Ash Wednesday is the first day of Lent. It was established many years ago, the exact date this practice started has been lost. It goes back at least to the 10th Century. History teaches that the reasoning behind it was the Catholic Church realized that many Catholics were not going to confession. They wanted to change that. The reasons why they wanted people to go to confession is debatable. Many scholars say it was for money, others say it was out of concern for the welfare of souls. Personally, I will give them the benefit of the doubt.
Either way, the Catholic Church decided on the first day of Lent to be the one day a year that everyone would be required to go to confession.
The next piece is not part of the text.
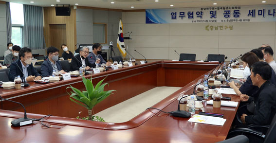 À¯µ¿ÈÆ Ãæ³²¿¬±¸¿øÀåÀº ¡°Æ¯È÷ ³ó¾îÃÌÁö¿ªÀº °í·ÉÈ, Áö¿ª ¼Ò¸ê µî ÇöÀç Á÷¸éÇϰí ÀÖ´Â ¸¹Àº ¹®Á¦µéÀÌ ÀÖ´Ù¡±¸é¼ ¡°À̹ø Çѱ¹³óÃÌ»çȸÇÐȸ¿ÍÀÇ Çù¾àÀ» °è±â·Î Ãæ³²Áö¿ª ³ó¾îÃÌÀÇ »õ·Î¿î Ȱ·Î¸¦ ¸ð»öÇÒ ¼ö ÀÖ´Â ´Ù¾çÇÑ ´ë¾ÈµéÀÌ µµÃâµÇ±æ ¹Ù¶õ´Ù¡±°í ¸»Çß´Ù.

After confession they will receive an ash Cross on their forehead, this mark on your forehead was a way to distinguish a believer who had gone to confession, and a believer that has not. To remind everyone, they need to go to confession. The ashes come from burned palm branches from palm Sunday the year before, and the use of ash is symbolic of “repenting in sackcloth and ashes”.
Today it has evolved, but this is how it started. The mark on the forehead has become a point of persecution for many people. They act like if you don’t have the cross on your forehead, it means you’re not Christian. Many Christians do not believe in Ash Wednesday, as it lacks any biblical support, and it was started years after the death of the last apostles.
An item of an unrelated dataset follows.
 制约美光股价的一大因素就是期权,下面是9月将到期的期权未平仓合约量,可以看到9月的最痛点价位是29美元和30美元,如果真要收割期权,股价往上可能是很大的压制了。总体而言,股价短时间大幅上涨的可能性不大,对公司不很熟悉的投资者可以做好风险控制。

Lent pays tribute to the 40 days that Jesus Christ fasted in preparation for his ministry. Lent is the 40 days leading up to Holy Week, to prepare you a common practice is “giving something up for lent” just like Christ fasted. Often times it is something that is a vice, or a sin. Sometimes it is something that they personally want to give up to be a better or healthier person. My Catholic coworker once gave up sugar and sweets. Many Catholics give up meat for the 40 days of lent. But as soon as lent is over, most of my friends go right back to what they gave up.
Lent ends with “Holy Week.” Holy Week is basically the acts of the last week of Christ’s life, Palm Sunday, Good Friday, and Easter Sunday. In some areas, people even reenact those events including the carrying of a cross, and in some areas, they even will crucify someone (normal they just tie them on the cross).
We believe the events of Holy Week happened. But we don’t believe in reacting them as many people do during lent.